*** INFORMATION PROVIDED ***

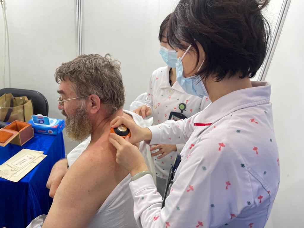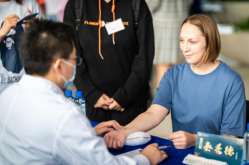 同時(shí),在中方師生的幫助下,深北莫的外籍教師也對(duì)體驗(yàn)活動(dòng)表示出強(qiáng)烈的興趣并積極參與其中。她們表示,在莫斯科也設(shè)有中醫(yī)診所,但數(shù)量較少。對(duì)于此次活動(dòng),她們都覺得非常有趣,希望學(xué)??梢栽俅闻e辦這樣的活動(dòng),增進(jìn)對(duì)于中醫(yī)文化的了解。
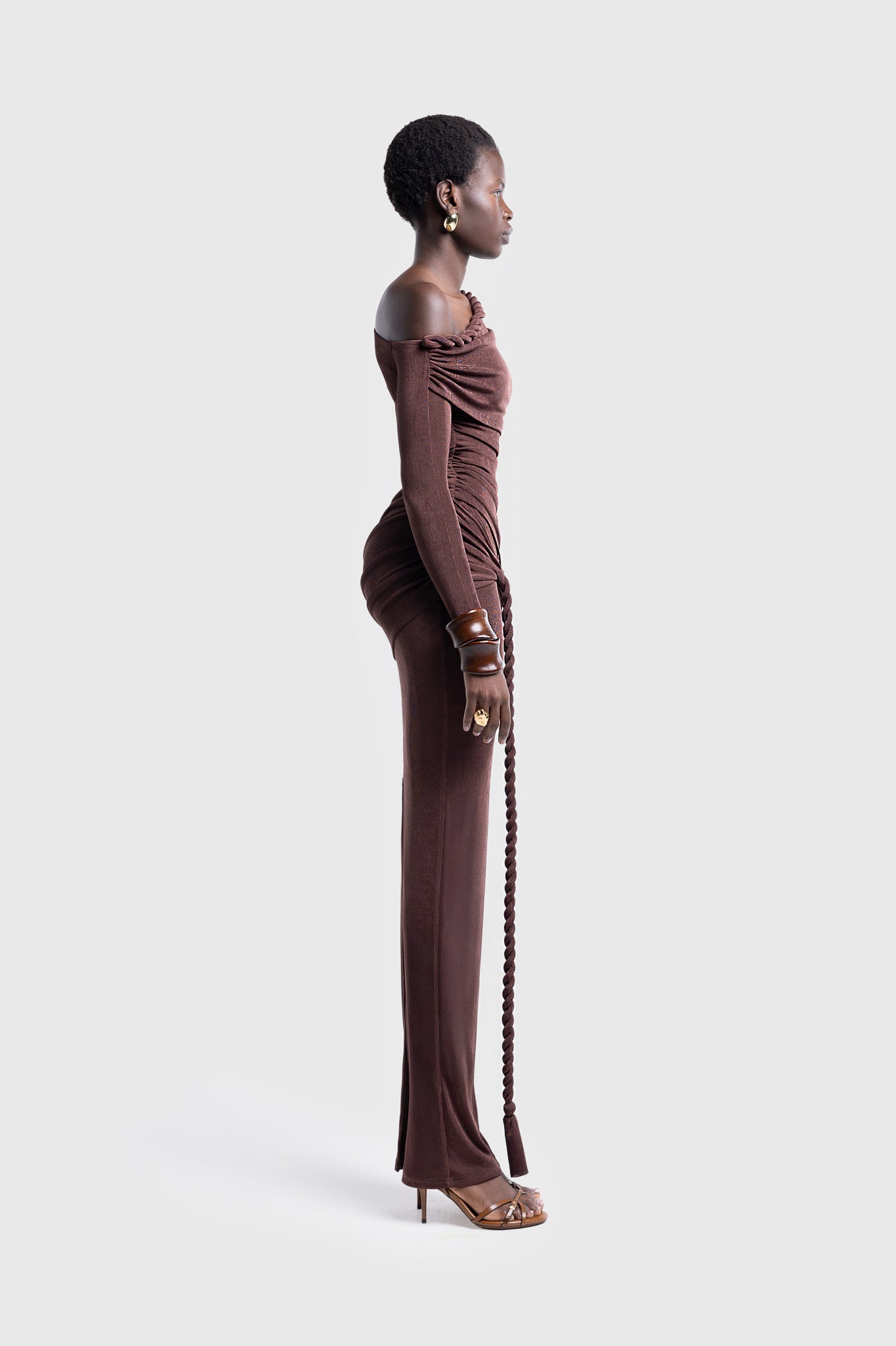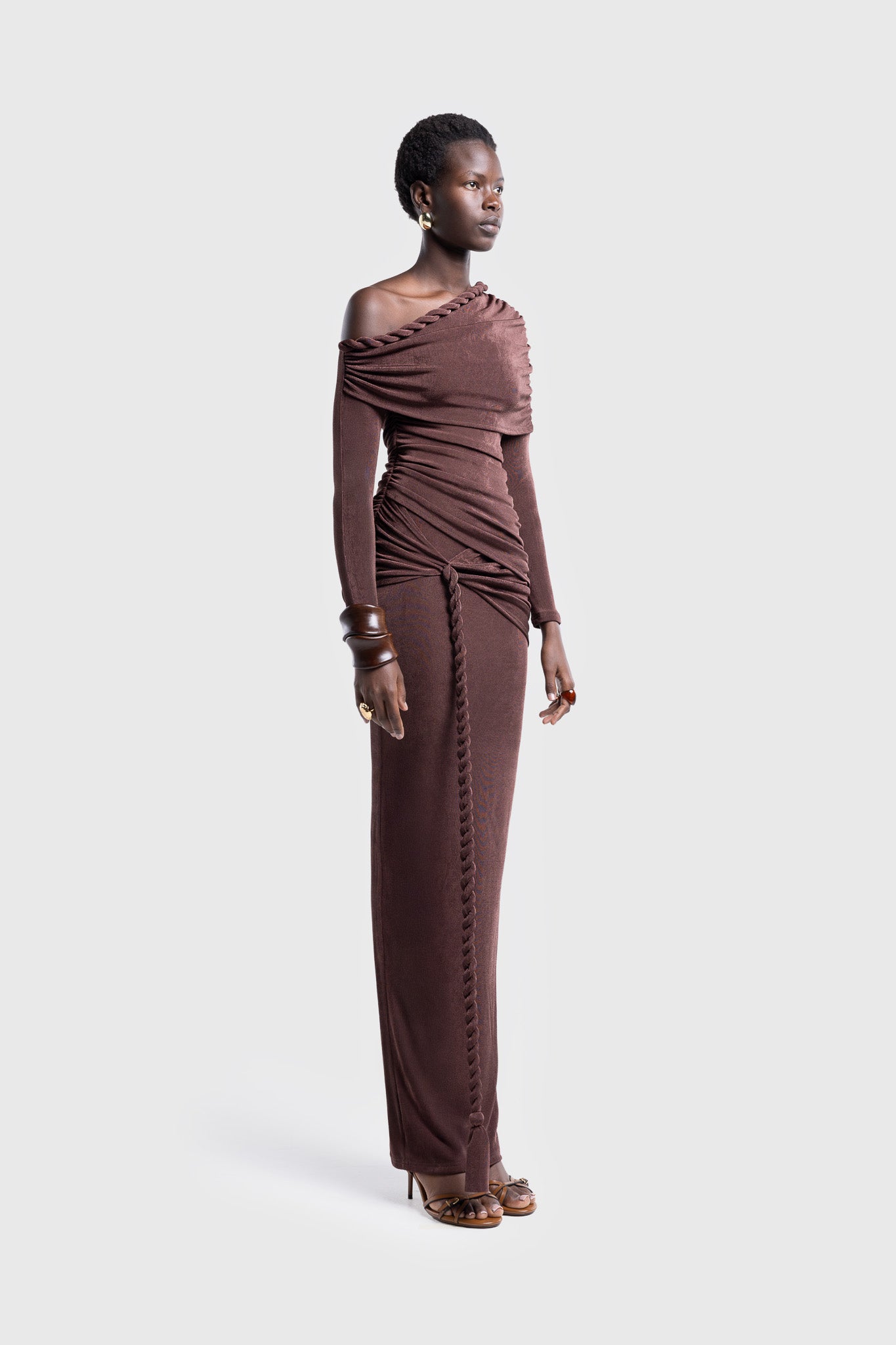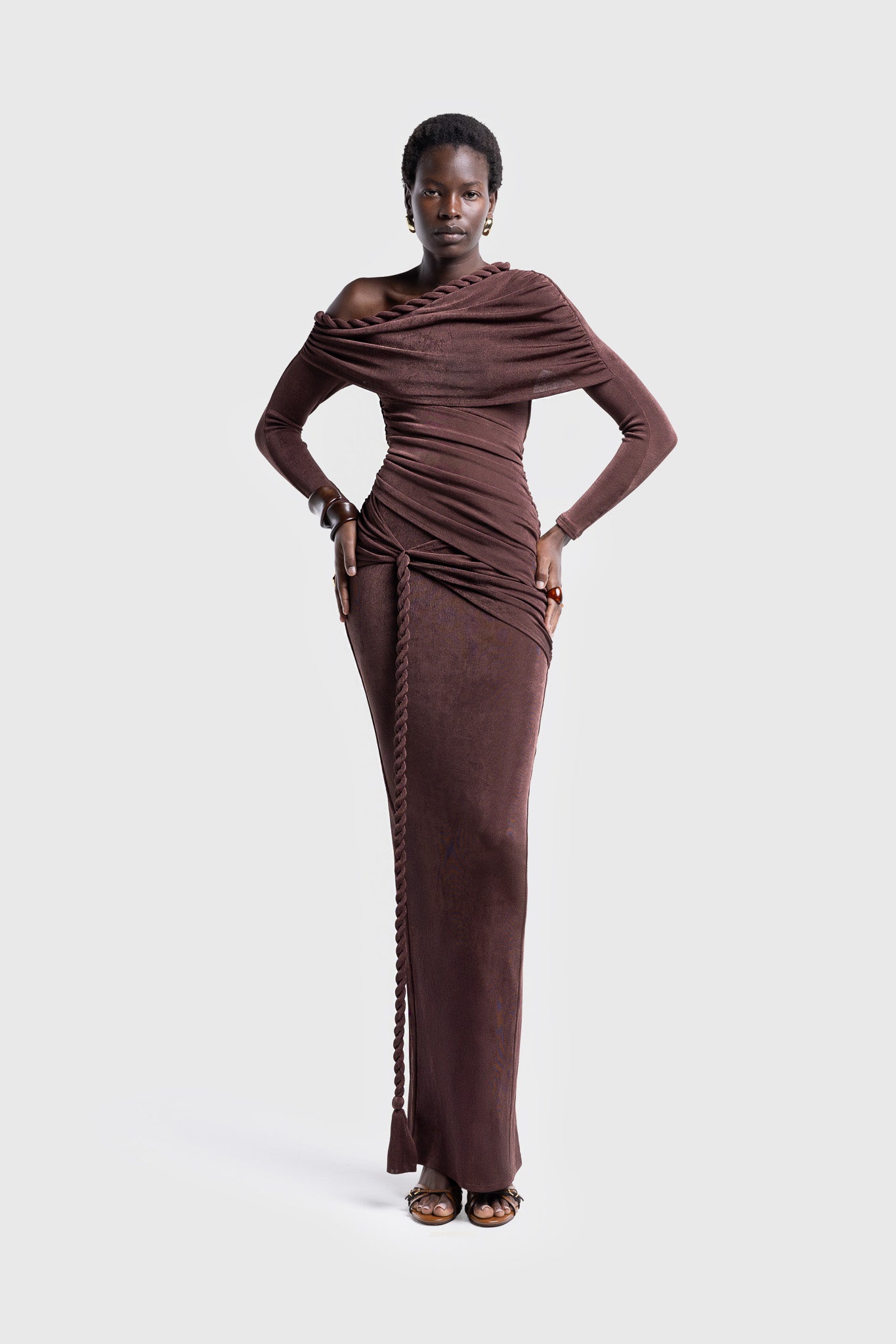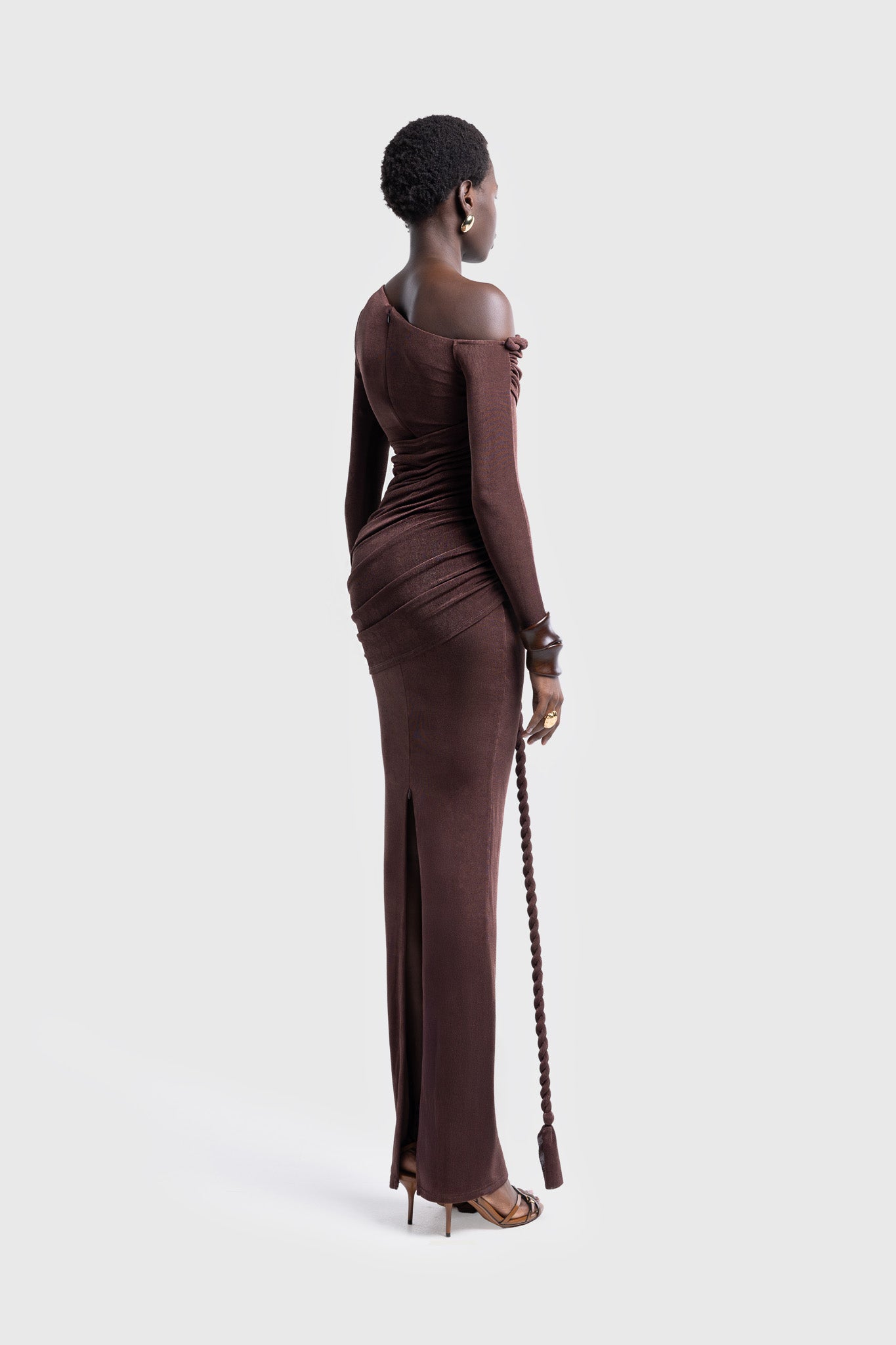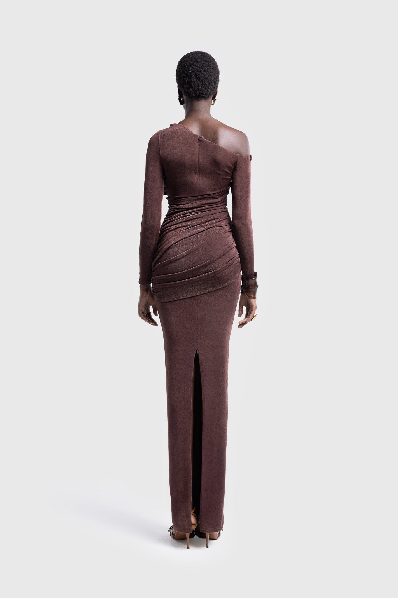 Our most popular viral maxi! The Verella Maxi is made to turn heads!! With it's unique asymmetric design and overlayed ruched panelling, prepare to be complimented on your outfit all night!
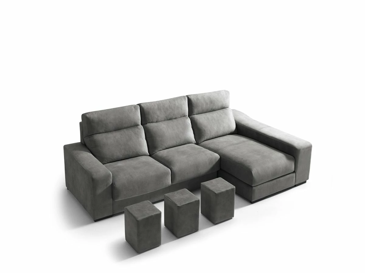 Necesitas un chaise longue y no sabes cual elegir? Te presentamos el chaise longue 3 plazas con 3 poufs FULL. Su estructura esta construida en madera maciza y tablero de partículas con el que te sentirás cómodo en cualquier momento. Tambien puedes elegir como quieres la chaise longue si en la derecha o en la izquierda.

*** End of INFORMATION PROVIDED ***

ASSIGNED TASK:
Write the material above out again exactly. Omit every image.

TASK SOLUTION:
 同時(shí),在中方師生的幫助下,深北莫的外籍教師也對(duì)體驗(yàn)活動(dòng)表示出強(qiáng)烈的興趣并積極參與其中。她們表示,在莫斯科也設(shè)有中醫(yī)診所,但數(shù)量較少。對(duì)于此次活動(dòng),她們都覺得非常有趣,希望學(xué)??梢栽俅闻e辦這樣的活動(dòng),增進(jìn)對(duì)于中醫(yī)文化的了解。
 Our most popular viral maxi! The Verella Maxi is made to turn heads!! With it's unique asymmetric design and overlayed ruched panelling, prepare to be complimented on your outfit all night!
 Necesitas un chaise longue y no sabes cual elegir? Te presentamos el chaise longue 3 plazas con 3 poufs FULL. Su estructura esta construida en madera maciza y tablero de partículas con el que te sentirás cómodo en cualquier momento. Tambien puedes elegir como quieres la chaise longue si en la derecha o en la izquierda.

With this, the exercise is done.